年間の自殺者数は統計を始めた1978年から97年まで2万~2万5千人台で推移。不況が深刻化した98年から3万人超の状態が続き、2003年が3万4427人で最悪となっている。

政府は昨年、自殺者の多い傾向にある3月を「自殺対策強化月間」と定め、うつの兆候の睡眠不足の自覚を促す街頭キャンペーンを実施するなど対策を進めている。

国立精神・神経センターの竹島正・自殺予防総合対策センター長は「13年連続で3万人を超えたのは憂慮すべきこと。啓発活動だけでなく、幼少時のトラウマや経済問題など複雑な問題を抱えるリスクの高い人たちに焦点を当てた対策が必要だ」と話している。

以上、長引く経済不況や失業率の高止まり、日本型経営システムの制度疲労などに伴って、1998年以降、各年齢で自殺率が上昇し、特に中高年の自殺率が他の年齢層と比べて高いのが日本の特徴です。

 2004年以降は50歳代が減少する反面、30歳代と70歳代という若い世代及び高齢者が増加する傾向となっています。2008年には30歳代が最大値を更新し、高齢者は60歳代が増加しています。

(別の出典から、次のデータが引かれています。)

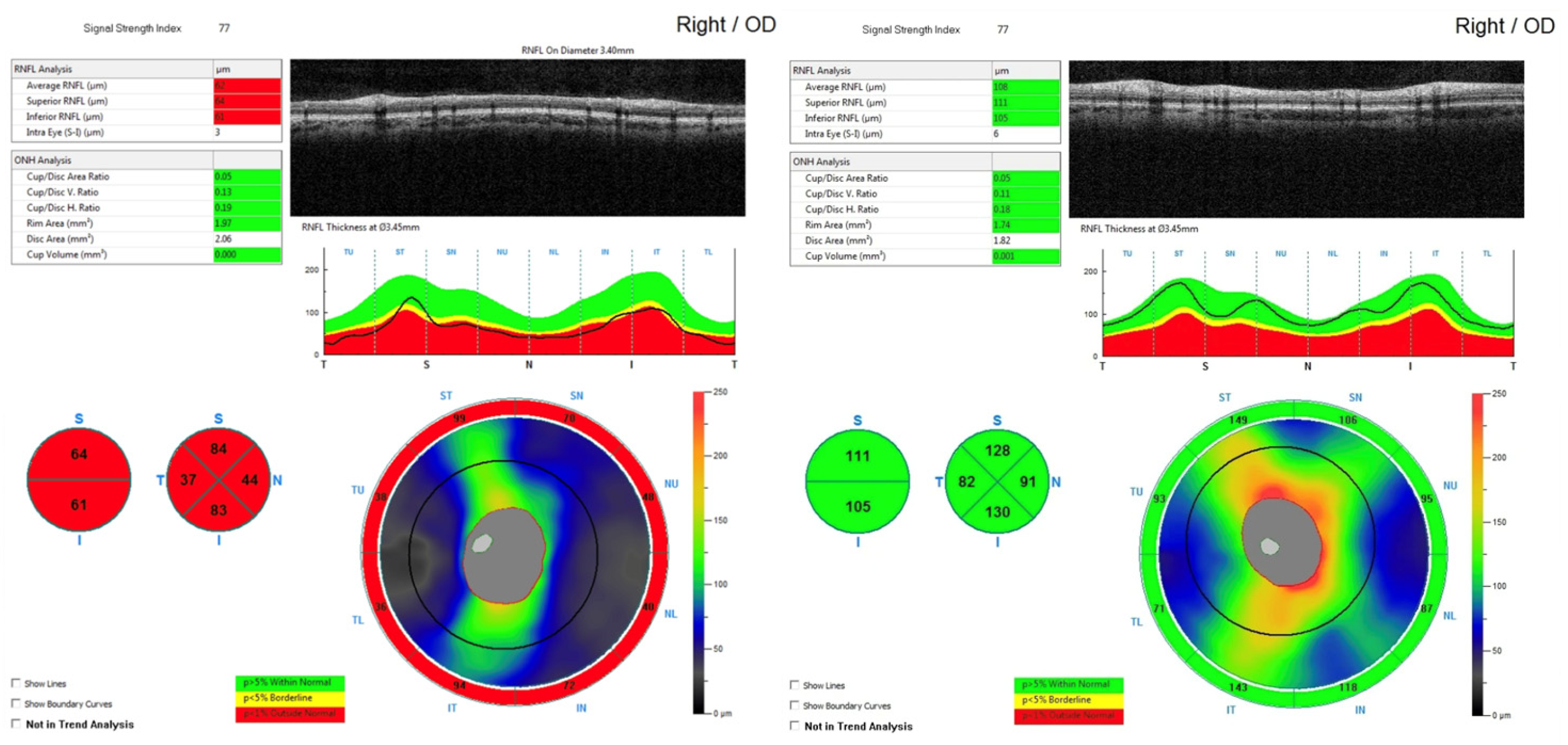 | Yang et al. [77] (2016) | Primary CP (Children and adult) | FD-OCT | RNFL | Significant RNFL thinning compared with controls before treatment. |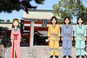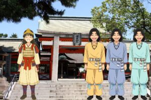 大阪の住吉大社は、このとき神功皇后に神託を降ろし、新羅遠征を助けたとされる、底筒男命、中筒男命、上筒男命、そして神功皇后を御祭神とし、今もその御神徳を伝えています。

 こうした最近の傾向は、リストラなど改革に伴う痛みによる50歳代中心の構造から、若年の非正規雇用や高齢者の社会保障不安なども影響していると推測されます。

 自殺者を減らしていくためには、世代や動機別の実態に応じた取り組みを具体化していく必要があります。

 長期不況の克服、失業対策はもちろんですが、政府や自治体は宗教とも連携した「うつ病対策」や人間関係の絆づくり、学校におけるいじめ防止やメンタルケアなど幅広い対策を早急に行っていく必要があります。

 【参考】「いじめが重要な要因」中2自殺で調査結果 2011年1月8日 読売より

千葉県市川市立中学校2年の男子生徒が昨年11月に自殺した問題で、市教委は7日、「いじめが重要な要因と思われる」とする調査結果を明らかにした。

 ただ、遺書がないことなどから「自殺の直接的な原因は特定できない」としている。

 男子生徒は11月14日に自宅で首をつって自殺。同月1日に同校が行ったアンケート調査に「いじめられたことがある」と回答していたため、市教委が自殺後、周囲の生徒から話を聞くなどの調査をしていた。

 その結果、複数の生徒が男子生徒に、「暴言や悪口を言う」「物を隠す」「訳もなくたたく」といった行為をとっていたことを認めたという。一方、学業や部活の悩みも自殺の原因に考えられるとし、「いじめを含む複合的な原因による自殺」との見解に至った。